Fear also steps in during this attachment stage, creating an obstacle of worries hard to get over. It is not just the question of whether you can attach t the baby but will the baby attach to you? The answer PACT gives us is to rely on your commitment to attach, regardless of time. Days, weeks, months or years may pass but what matters is you endurance. "If it takes time to feel that this child is your child, build on signs of progress. If it takes time for the baby to act as if you matter more than anyone else, enjoy interacting as connections grow." (1-1) You will know if progress is occurring due to a number of signals that the child will withdraw. Smiles and developmental milestones are a clue that you are on the right track. (1-1)

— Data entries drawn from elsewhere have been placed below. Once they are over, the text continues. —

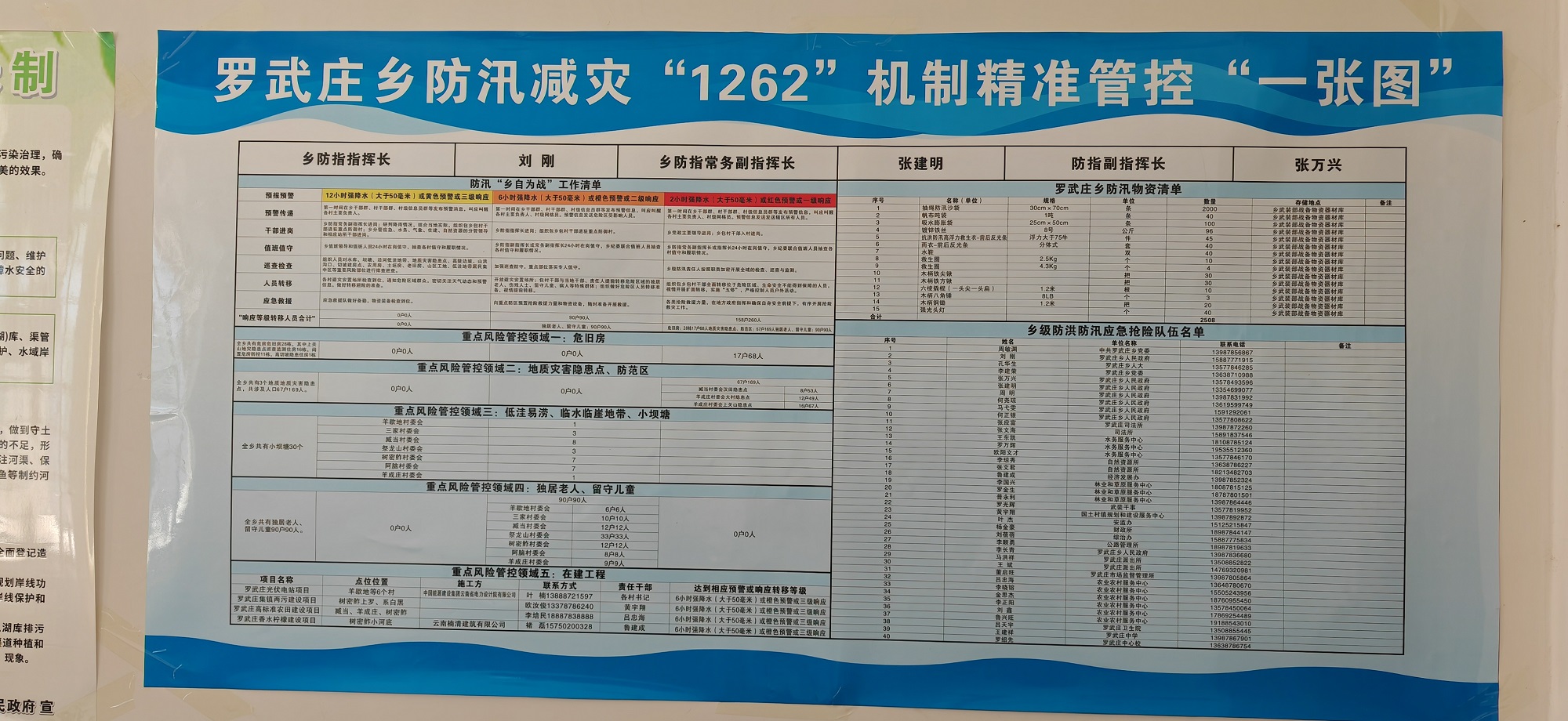 入汛以来,按照“早准备、早安排、早排查、早落实”的原则,罗武庄乡迅速启动落实汛期工作机制,第一时间召开防汛调度工作会议,严格落实省、州、县关于防汛救灾工作的要求,建立“一对一”三级包保责任清单,完成汛期安全隐患排查整治2个,开展山洪和地质灾害避险演练90场次,储备防汛物资2508件,建立防洪防汛应急抢险队伍40人,建设防溺水“四个一”工程30套,以“时时放心不下”的责任感和分秒必争的紧迫感,认真抓好防汛抗灾各项工作。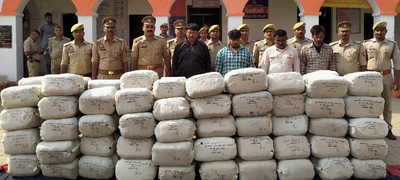 गोंडा। जिला पुलिस ने गुरुवार को अवैध मादक पदार्थ की तस्करी करने वाले गिरोह का खुलासा करते हुए चार अभियुक्तों को गिरफ्तार कर उनके कब्जे से साढ़े पांच कुंतल से अधिक अवैध गाँजा बरामद किया है, जिसकी अनुमानित कीमत 57 लाख रुपए है। अभियुक्तों के पास से 20500 रुपए नकद भी बरामद किए गए हैं। यह जानकारी देते हुए पुलिस अधीक्षक आकाश तोमर ने आज यहां बताया कि थाना कोतवाली नगर व स्पेशल आपरेशन ग्रुप (एसओजी) की संयुक्त टीम ने आज तड़के गश्त के दौरान शफीक अहमद, अब्दुल खालिक उर्फ बाबा, बृजेश कुमार यादव व मंदीप यादव को गिरफ्तार कर उनके कब्जे से पांच कुंतल 51 किलो 250 ग्राम अवैध गाँजा व 20500 रुपए नकद बरामद किया, जिसकी अनुमानित कीमत 57 लाख है। अभियुक्तों के विरुद्ध थाना कोतवाली नगर में एनडीपीएस एक्ट के तहत अभियोग पंजीकृत कर जेल रवाना किया गया। गिरफ्तार कर्ता टीम में प्रभारी निरीक्षक राकेश कुमार सिंह व एसओजी प्रभारी संतोष कुमार सिंह शामिल रहे।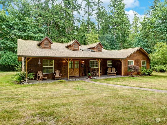 Welcome home to this beautiful island estate. This well-maintained property is hitting the market for the first time. The 3 bedroom/ 2 bathroom rambler is nestled on 5 acres down a quiet gravel road. Enjoy the lodge-like ambiance of the grand fireplace and radiant heating, while soaking up all the light through the wall of windows. Extra touches include vaulted ceilings, soaking tub & built in vacuum. The large, detached garage/shop has a wood burning stove and is big enough for all of your toys and projects. With the low maintenance landscaping, you are sure to enjoy all the benefits this peaceful & serene estate has to offer. Easy 10 minute drive to beaches, restaurants and shopping. Pride of ownership and attention to detail throughout.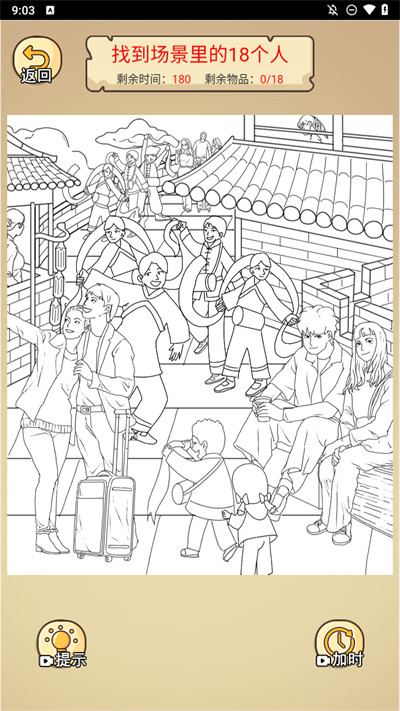 首先打开下载好的游戏,进入游戏后可以看到主界面提供了多种游戏模式选择,包括经典闯关模式、限时挑战模式等。游戏的第一关是一个找茬玩法,玩家需要在规定时间内找出画面中隐藏的18个人物,这个关卡难度适中,只需要点击对应位置即可完成。如果遇到困难,可以点击左下角的提示按钮获取帮助,系统会给出关键线索,让玩家更容易找到正确答案。成功通关后会自动解锁下一关的内容,玩家也可以随时返回主页面选择其他游戏模式或关卡重新挑战。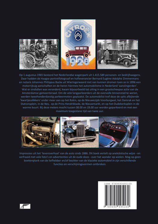 "Op 1 augustus 1965 bestond het Nederlandse wagenpark uit 1.415.589 personen- en bedrijfswagens. Daar hadden de Haagse portretfotograaf en hofleverancier Bernard Eugène Adolphe Zimmermans en notaris Johannes Philippus Backx uit Wieringerwaard niet van kunnen dromen toen ze in 1896 een motorrijtuig aanschaften en de heren hiermee het automobilisme in Nederland ‘aanslingerden’. Wat er sindsdien was veranderd, kwam bijvoorbeeld tot uiting in een grootscheepse actie van de Amsterdamse gemeenteraad. Om de vele langparkeerders uit de overvolle binnenstad te weren, werden tweehonderdzestig parkeermeters geplaatst. De automobilist trof deze de spits afbijtende ‘kwartjesslikkers’ onder meer aan op het Rokin, op de Nieuwezijds Voorburgwal, het Damrak en het Stationsplein, in de Nes, op de Prins Hendrikkade, de Nieuwmarkt, en op het Oudekerksplein in de warme buurt. Bij deze meters mocht tussen 08.00 en 18.00 uur worden geparkeerd en met een maximum toegestane tijd van twee uur. Impressies uit het ‘levensverhaal’ van de auto sinds 1886. Dit boek vertelt op anekdotische wijze - en verfraaid met vele foto’s en advertenties uit de oude doos - over het wonder op wielen. Mag op geen boekenplank van de liefhebber en/of bezitter van de klasieke automobiel in zijn verschillende functies en verschijningsvormen ontbreken."

Once a child who you feel attached to, doesn't make the connection, it can make you as the parent feel left out. Adopted children also feel this way due to their other half who they feel is not connected to them. These siblings must go through a process in order to live together in sync. PACT says, "Adoption creates sibling pairs who invariably must decide what they mean to one another, work on their individual adoption issues, and sometimes be triggered by each other's issues." (2-1)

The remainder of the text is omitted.